During my second weekend on crutches, my friends and I were about to go to a local pool hall for a shootout. At least there was one “sport” I could play without needing the use of my right foot. We had been talking near the front door and it was time to leave. “Where are my crutches?” I asked. I had been sitting down and had forgotten where I had left them.
“Over there.” A friend pointed a few feet behind me, and I turned to see my crutches leaning behind a shoe cupboard. I hopped over to pick them up. “Come on, guys. Let’s go.” I placed the crutches under my arm one at a time. I put my full weight on them while taking my first step toward the elevator. Crumble, crash, flop! I fell, head first, toward the floor. Wing nuts and pieces of my crutches spun all over the dining room floor. “What on earth! What’s wrong with these stupid things?” I wasn’t hurt from the fall, but my ego was seriously bruised!
Fast forward eight years to a conversation I had recently with an old friend who was present during my pride-crippling “floor-surfing” incident.
“Hey, Joe, do you remember the time when you were on crutches?”
“I can’t forget,” I answered. “Why do you ask?”
“Do you remember when your crutches collapsed and you fell on the floor?”
“Oh, for sure! That was crazy!”
He continued with carefully placed words and a shameful grin. “Well, your crutches…”
He paused and held his breath. “Before we left that day, we reworked them, just a little bit, loosened a few screws…”
“What??” I yelled in disbelief! After a moment of rewriting history in my mind, the corners of my gaping mouth slowly turned upward and we both broke into a hearty laugh!

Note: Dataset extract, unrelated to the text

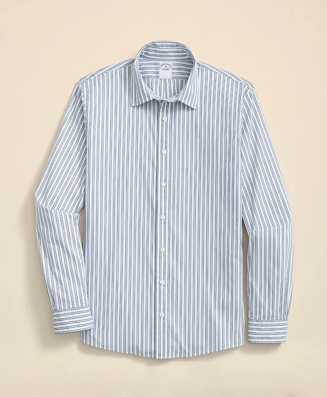 Stretch Cotton Non-Iron Oxford Polo Button Down Collar, Striped Shirt

I honestly wish I could tell you that this incident changed me forever, instantly transforming me into a selfless teen with a heart for everyone unpopular, but you can be sure I never mocked people with crutches again!

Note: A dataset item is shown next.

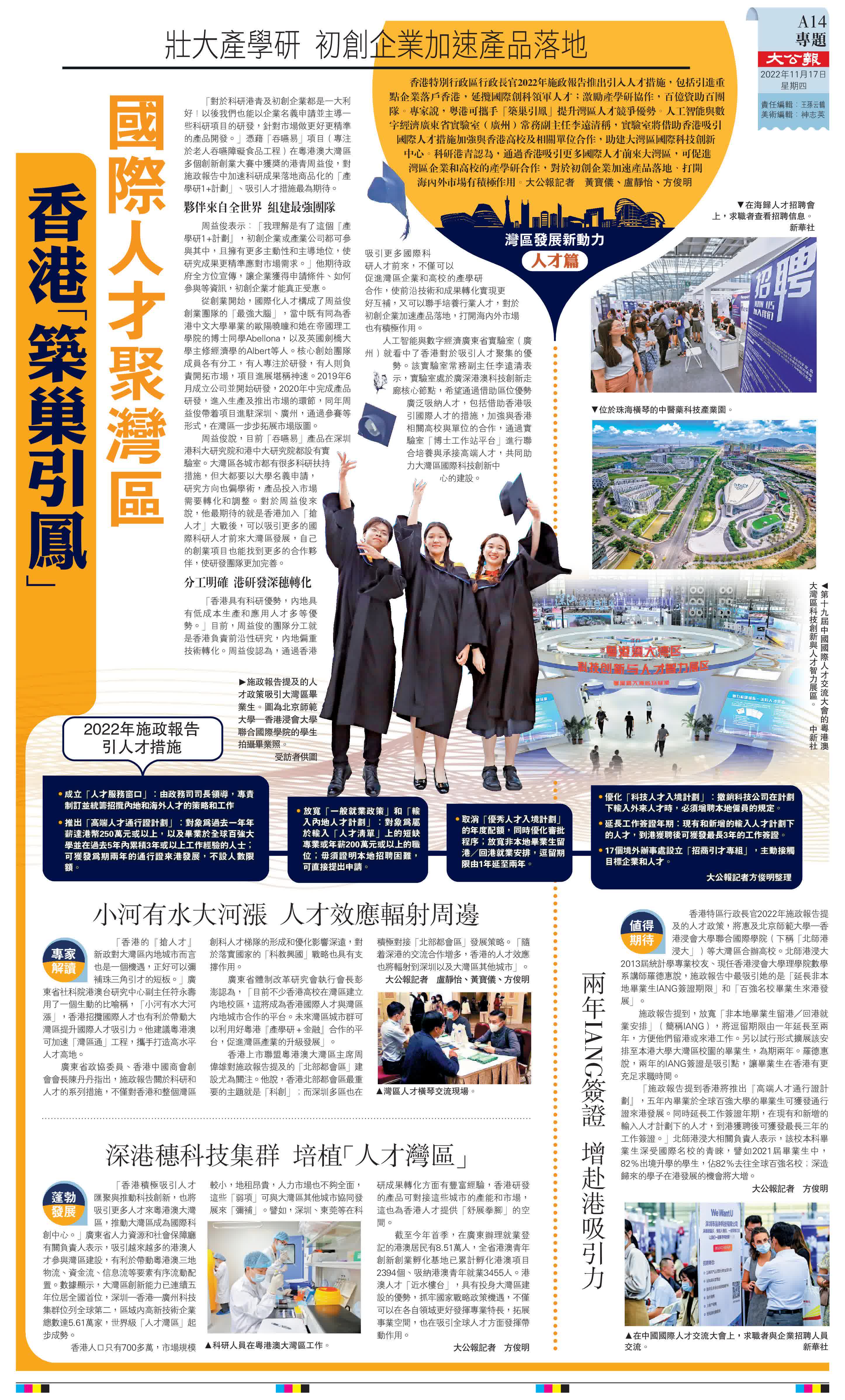 (大公報記者 黃寶儀、盧靜怡、方俊明)香港特別行政區行政長官2022年施政報告推出引入人才措施,包括引進重點企業落戶香港,延攬國際創科領軍人才;激勵產學研協作,百億資助百團隊。專家說,粵港可攜手「築巢引鳳」提升灣區人才競爭優勢。人工智能與數字經濟廣東省實驗室(廣州)常務副主任李遠清稱,實驗室將借助香港吸引國際人才措施加強與香港高校及相關單位合作,助建大灣區國際科技創新中心。科研港青認為,通過香港吸引更多國際人才前來大灣區,可促進灣區企業和高校的產學研合作,對於初創企業加速產品落地、打開海內外市場有積極作用。

It took me a few more years of catastrophes and soul searching to help me begin to learn the meaning of compassion for others. After I made a seriously cool life change and chose Jesus as the supreme commander of my life, I learned from the Bible how much He loves and cares for each person that He created, including me. I didn’t need to hurt other people or look better than them in order to find acceptance and approval. Knowing that I am infinitely loved and accepted has given me true confidence.
We’re all beautiful in our own way. Jeremiah 31:3 says, “I have loved you with an everlasting love; I have drawn you with unfailing kindness.”1
King David, the last of eight brothers, had plenty of moments when he was a kid where others tried to make him feel inferior and on the “shallow end of the gene pool.” But David was confident that God had made him unique and he didn’t let anyone else distract him from becoming the man God made him to be! In one of his recorded prayers, he told the Lord, “You alone created my inner being. You knitted me together inside my mother. I will give thanks to you because I have been so amazingly and miraculously made.”2
If you’re finding yourself in the cruel school of “uncool,” or if you’re feeling insecure and forced to poke fun at others who you think aren’t as awesome as yourself, chew on this truth: The secret to true popularity isn’t found in trying so hard to be cool and doing whatever it takes to climb some imagined ladder of coolness. It’s found in believing that God made you unique. You’re already loved, popular, and cool in His eyes! A genuine unselfish interest in others is WAY more attractive than Hollywood hero aloofness, and can transform even the shyest teenager into a person of kindness and character. Break those levels of imagined popularity and you’ll find a barrage of unexpected friendships coming your way.
Believe me, you won’t find the word “uncool” anywhere in your life’s dictionary!